In English, if your TT setup has low/no rumble (thinking exquisite air-bearing exotica?) then you will be rewarded with a very steady 'channel A <add/invert> channel B scope trace. But if you have an older TT with tired, dry bearings, a heavy arm + a highly compliant cartridge...and the resulting resonant frequency unfortunately happens to fall right on top of the 'bad bearing tune' then the trace is going to jump all around, even if you are tracking a special "quiet groove". (Quite possibly the best answer is to not look at all this & just employ a good rumble filter instead? :0)

Anyway, within a couple of minutes of playing around, you will be able to see just how close to a perfectly straight line your setup can get, best case, by nulling A vs B channels on your scope while playing a record.

Now that you & your setup are calibrated, pick one preamp & replace the fully-charged battery with a mostly discharged one & repeat your test. I'm assuming that up to a certain volume the line will stay straight, but if you play something with increasing dynamic range you will see the line start to bounce, no doubt in time to the kick drum, snare, or other heavy transient.

****

The neat thing about all of the above is that with 2 cheap battery powered phono preamps we can postulate questions & then set up an ad-hoc test to prove/disprove our theories about what will happen if 1 battery droops before the other?

Anyway, that was a great question - it's something that I hadn't thought about before. And you know what? If I figure out how to get the absolute best possible sound out of a couple of battery powered preamps *first*...then my mind will be way more prepared than before when I try to figure out how to get my PL 2000 phono stage to sound at least as good. (Right now, my guess would be to put the AC power supply outboard, and only bring clean DC inside. *Then*, the guys who seem to really know their way around this stuff claim that a properly executed Superreg situated close to the phono stage would be able to provide 'better than battery' or even 'better than battery w/local cap bypass' levels of performance.)

To be perfectly candid, I've got some learning to do before I start hacking my PL 2000. Some theory, plus a lot of ad-hoc hands-on experimentation. But already, these cheap Rat Shack preamps owe me nothing, for they have given me a lot to think about.

Few things are more fun than proving/disproving stuff with a scope -- making memories that will last a lifetime. :0)

 

[NeverSatisfied]

3D……you need to get that lab up and running post haste.

 

[J!m]

My not cheap not battery powered preamp is fully functional!

 

[J!m]

You were mentioning external power supply where only DC enters the main box?


Got that.

It enters in the corner of the main box. The connection and filter board are within a faraday cage:


Then to the power switch- I decouple +, - and ground, as well as the feed for the LED all at once.

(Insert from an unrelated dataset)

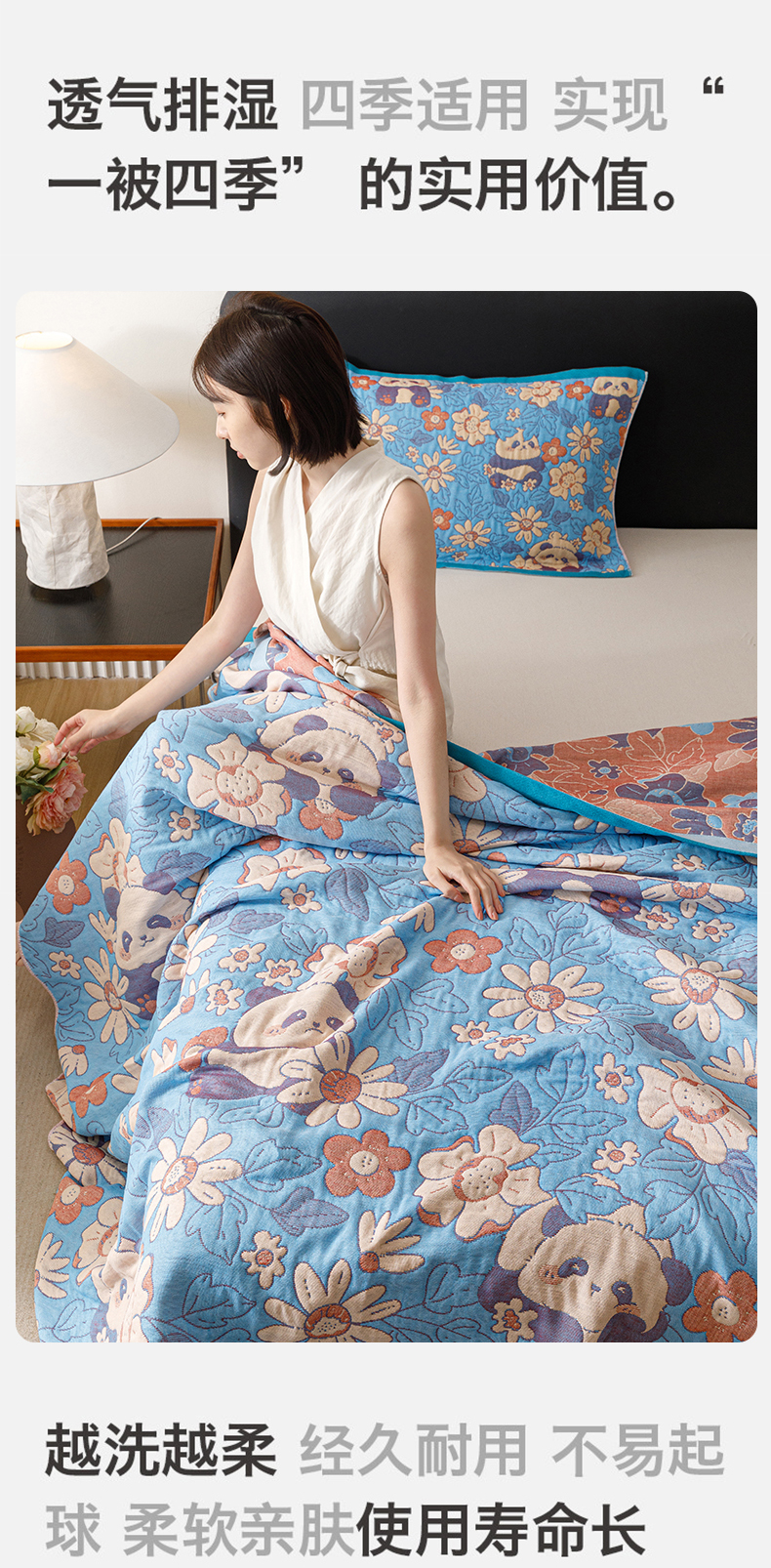 商品名称:朴尔家纺-毛巾被 2026新款彩棉云柔棉三层纱布毛巾被 熊猫派对

That litz braided line makes its way to the MM and then MC boards.



Lots more tidying to do but I deliberately have the MC board as far as possible from the incoming power. All the switching mombo-jumbo happens after signal is brought up to line level. Input wires are as short as possible. All signal wire is solid copper, tin plated. (Power is stranded, tin plated)

If I make this a product, as I hope to do, there will be one board with one power entry point and all switches mounted direct to the board. It’ll still be cramped around the op amps because you want those caps as close as possible. Otherwise I’m going to spread it out.

MAYBE some easier loading options. Possibly stealing the 47k idea of jumpers to set loading (and gain in the case of the 47k). The board designer is quite busy but he did get me files for the elliptical filter. That’s a much easier project. Besides the filter, it will also have switchable 10dB gain.

 

[D-500 Flogger]

J!m,

I was drooling over the photos & your writeup. I like the layout, the wiring is first rate, and even the details like the Nyloc nuts are superb!

The level that you guys are working at is both humbling & inspirational! I am feeling the burn...in a good (motivational) way! Yet again I find myself writing that you are already at where I am headed. (!)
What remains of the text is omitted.